Dr. Valori Johnson knew her life’s calling from an early age. “The rest of my family were mathematicians and engineers,” she says, “but I was born with the animal bug, and made sure we always had a house full of pets.”
Her passion for animals led her right through veterinary college and into a specific vision for how she wanted to practice medicine. “Since veterinary school I have worked in large, busy practices,” she says. “I wanted to create a clinic with a calmer, friendlier atmosphere that was less stressful for our patients and clients.”
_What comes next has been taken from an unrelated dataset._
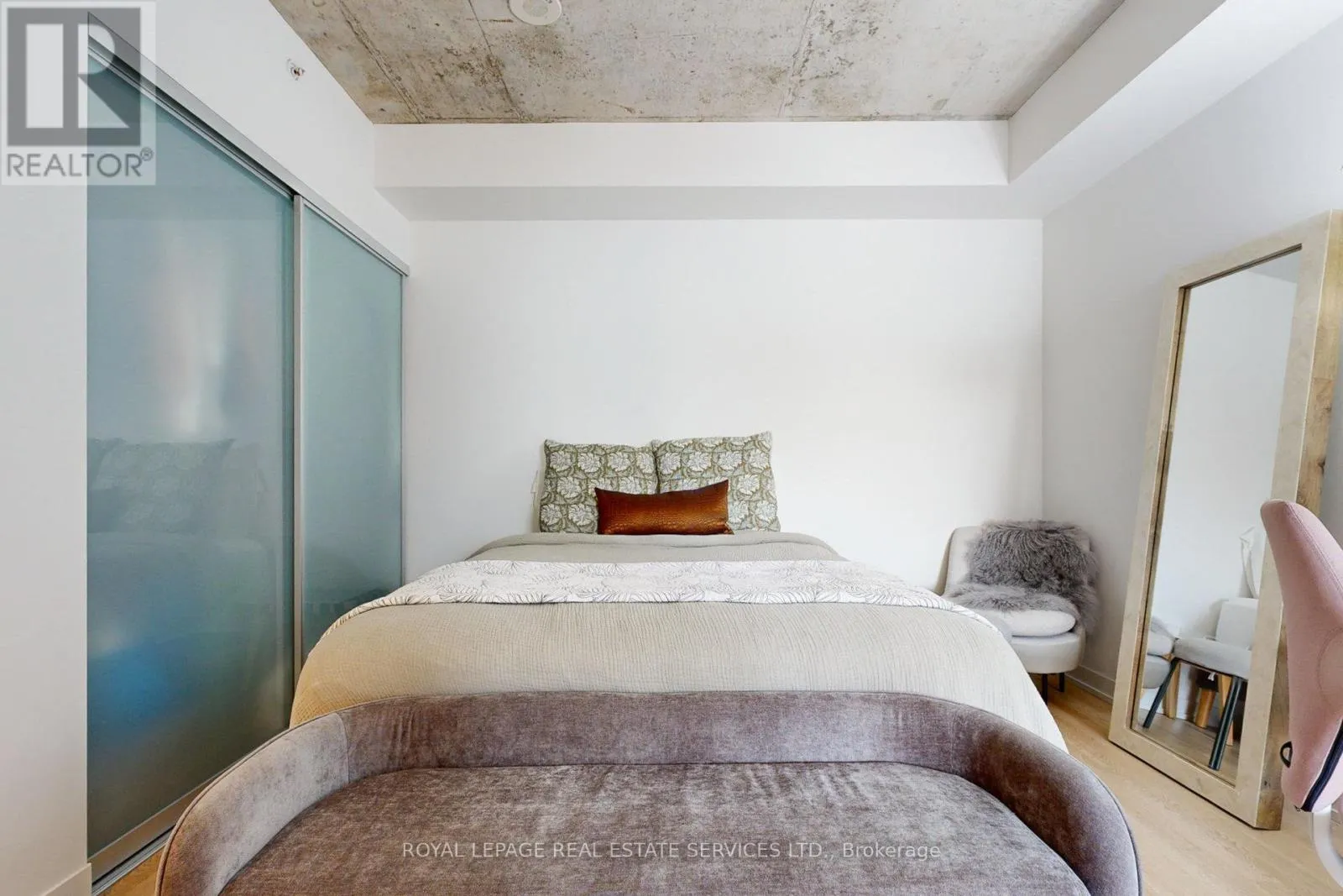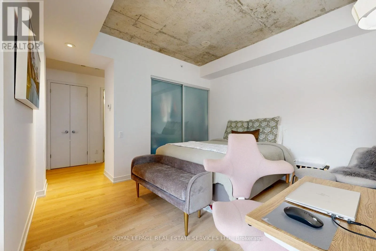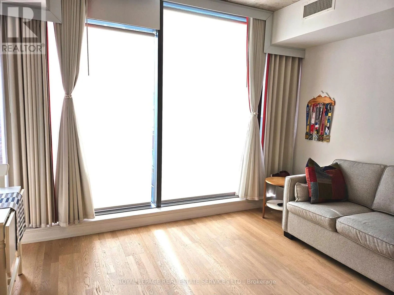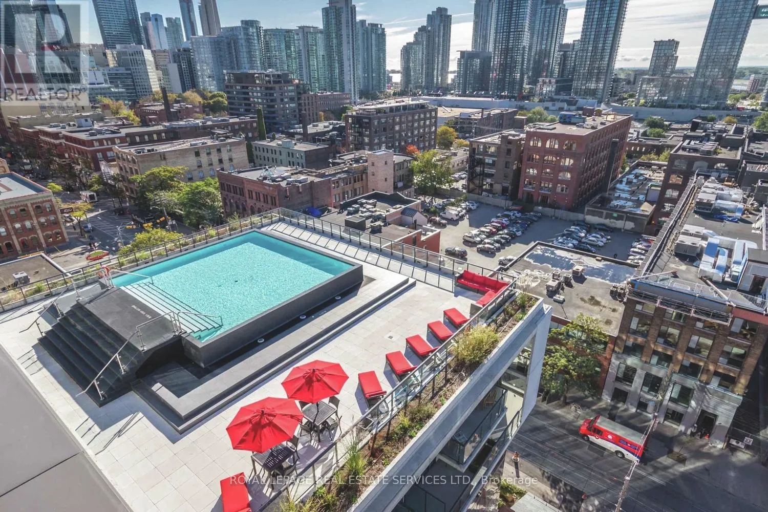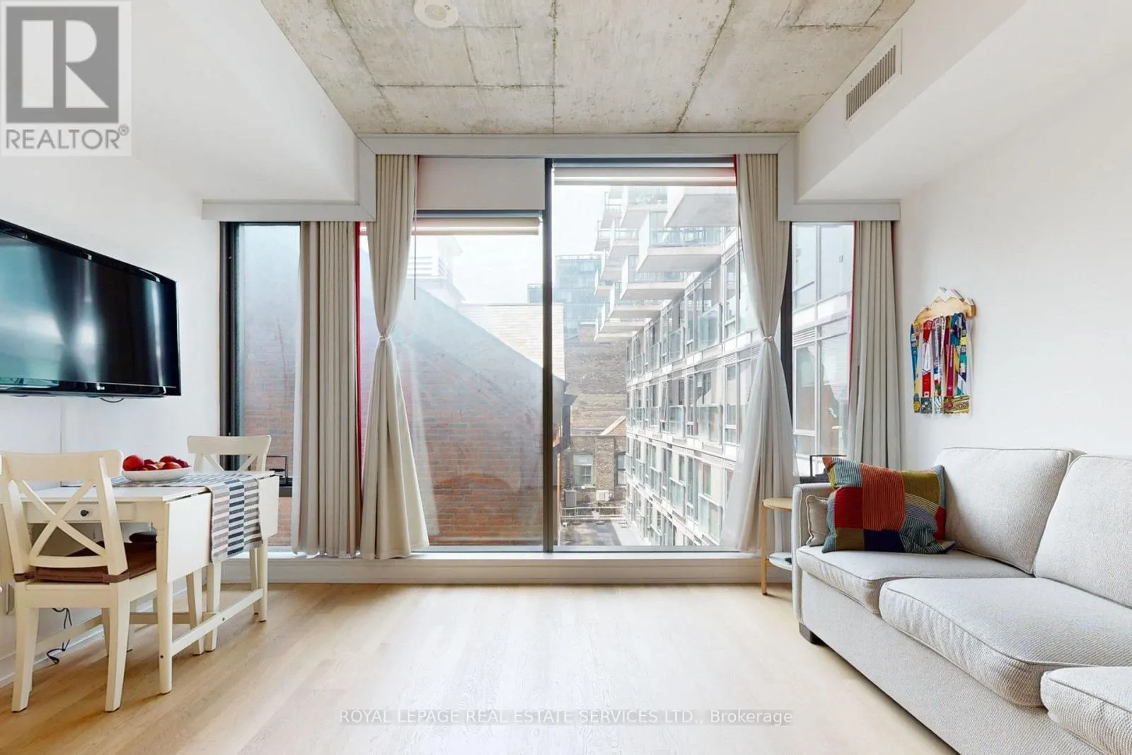 King & Bathurst Impeccably maintained, freshly painted 1-bedroom with a locker at the desirable Fashion House in the heart of King West. Loft style, with soaring exposed concrete ceilings, beautiful finishes and floor-to-ceiling windows bringing in ample West-facing light. Efficient layout, 531 sq ft., with a well-proportioned kitchen/living/dining space. Sleek, modern kitchen with stainless steel appliances including a built-in oven, electric radiant cooktop, range hood, countertop microwave, refrigerator and panelled dishwasher. The bedroom has a large closet with organizers and has been enclosed with a sliding frosted-glass door (new photos coming soon). Well-managed, boutique building with top-notch amenities: gym, 24 hr concierge, party/meeting room, and a rooftop infinity pool with incredible views of the downtown skyline! Ideal location on King West, close to transit, top restaurants, trendy bars and shopping. Well-established maintenance fees include water and a storage locker. This unit has been very well cared for by its owner. Excellent value in a superb building! (id:27476)

Johnson — Dr. Val to her friends and clients — fulfilled that dream in February when she opened Buckman Veterinary Clinic in SE Portland. Since then, she’s seen exactly the results she’d hoped for. “A number of the dogs and cats who had earned a reputation for being ‘spicy customers’ have been much easier to work with in our new space where they are not as stressed out,” she says.
Johnson also had another goal when she opened her clinic. “I am hoping that the flexibility of having my own practice will allow me to expand the work I do with local animal animal rescues," she says. Johnson has worked closely with My Way Home Dog Rescue, a Sandy, OR nonprofit that places dogs from overcrowded shelters into forever families.
Cheryl Yoshioka, who runs My Way Home, helped Johnson get Buckman Clinic up and running. Now, the rescue’s dogs visit the new clinic for help with issues ranging from broken bones to autoimmune diseases and liver and kidney problems.
“Most all the dogs coming into rescue have suffered neglect,” Yoshioka says, “so their care is a priority for us. Our rescue does quite a few senior dogs, and after living a life of neglect they require special care. Dr. Val has provided that for us.”
The work reaps rewards for the doctor as well as the patients. “There is nothing quite as nice,” Johson says, “as being able to help these animals that come in neglected and suffering get back on their feet and settled in new loving families.”
The doctor says says a career in primary vet care is “a complex puzzle” requiring a unique mix of medical knowledge, scrupulous study of the latest research, and a healthy dose of compassion. “I want our clinic to be filled with people who not only have the skills any veterinary staff member needs,” she explains, “but also have a passion for working with pets and the empathy to work with them gently.”
“So many times in my career,” Johnson says, “I have seen people handling pets in ways that are unnecessarily stressful to them. I am working to develop a culture where pets and their people are treated right as individuals with unique needs."
“When we succeed in this balance, and know we have helped a pet and his or her family, that is the best reward there is!”
William Kennedy is a freelance writer who lives with his wife and daughter in downtown Eugene, Oregon. He's had many furry friends in his lifetime. Currently, he's tolerated by a black cat named Midnight.